У первого же ручья сделали привал. Промыли и перевязали гноящиеся раны. Накормили людей самщиром, благо, что дерево было недалеко. Собрались уже выдвигаться в дальнейший путь, но тут, впереди по тропе, появилось облако пыли. Если это очередной враг, которым меня так любит баловать этот мир, то трындец Бобику, отпрыгался. Не устоять нам в таком состоянии.

Я молча встал, и приготовил топор. Рядом, также молча поднялся Габсурдин, прижавшись плечом к плечу, а за нашими спинами, выстроились женины и дети, с топорами, а кому не досталось, то и с дубинами в руках. Мы приготовились умирать.

Слава Ветру, это были друзья. На моем Тузике, неуклюже вцепившись мертвой хваткой в поводья,

летел Дын.

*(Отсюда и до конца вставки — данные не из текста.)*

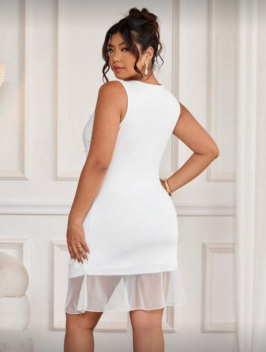 Ellen Plus Size Round Neck with Pearls Mesh Dress (White)

Рядом на хатире Габсурдина, так же, едва не выпадая из седла, мчался Бутсей. Впереди них, лихо пришпоривая скакуна, улыбающийся мне Рутыр, и еще десятка полтора всадников, выскакивали из поднятой ими пыли.

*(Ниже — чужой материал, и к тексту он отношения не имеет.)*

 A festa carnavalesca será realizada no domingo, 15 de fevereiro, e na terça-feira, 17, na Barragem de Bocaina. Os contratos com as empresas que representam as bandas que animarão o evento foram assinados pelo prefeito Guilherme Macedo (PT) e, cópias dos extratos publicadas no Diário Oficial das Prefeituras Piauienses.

Как же я был рад их видеть.

— Мы, когда увидели хатиров без вас, то испугались до чертиков. Тут же бросились по следам на поиски — Рассказывал Дын подбрасывая в костер мелкие веточки из-под ног.

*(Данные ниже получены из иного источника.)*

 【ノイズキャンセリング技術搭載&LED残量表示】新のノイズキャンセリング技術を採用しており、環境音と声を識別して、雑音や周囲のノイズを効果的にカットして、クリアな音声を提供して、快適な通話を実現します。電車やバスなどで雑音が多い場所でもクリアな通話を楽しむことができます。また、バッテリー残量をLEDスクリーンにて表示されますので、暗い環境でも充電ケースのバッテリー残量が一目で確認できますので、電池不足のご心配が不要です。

Меня до всего этого насильно сняли с Тузика. Ведь я намеревался незамедлительно ехать туда, где пропало мое сердце, но не дали. Бутсей объяснял вырывающейся из удерживающих рук тушке, что спешить пока некуда, и что там и без моего участия ведутся поиски. От того, что я приеду туда валящимся с ног от усталости, ничего не изменится. И что охотники уже добыли свежего мяса, и надо сначала как следует перекусить и отдохнуть, и потом только ехать домой. В общем уговорили, заломив руки своему Фасту.

— Я никогда не ездил на хатире. Думал сдохну по дороге, — Дын улыбался, глядя на огонь. — Натер себе задницу о седло, сил нет.

— Ты Габсурдина попроси туда плюнуть, — Усмехнулся я, вспомнив первую оказанную мне помощь, после схватки с смайлюсами.

Вот только не говори мне что я бесчувственный чурбан, забывший о своей жене. Нет, смех у меня — это нервы, своеобразная защита от возможности сойти с ума.

В лагере, спонтанно образованном на берегу ручья, царил покой. Рутыр, натренировавшийся, под руководством моей жены в обработке ран, на моем многострадальном теле, в совсем еще недавнем прошлом, заново перевязывал лежащих на носилках воинов. Борюкс командовал приготовлением обеда и прочими хозяйственно-организационными делами, с помощью пинков и крепкого слова. Ну а Дын забавлял меня и остальных рассказами, и благочестивыми проповедями. Когда только успел в роль жреца настолько плотно войти, но получалось это у него неплохо. Угадал я с его назначением.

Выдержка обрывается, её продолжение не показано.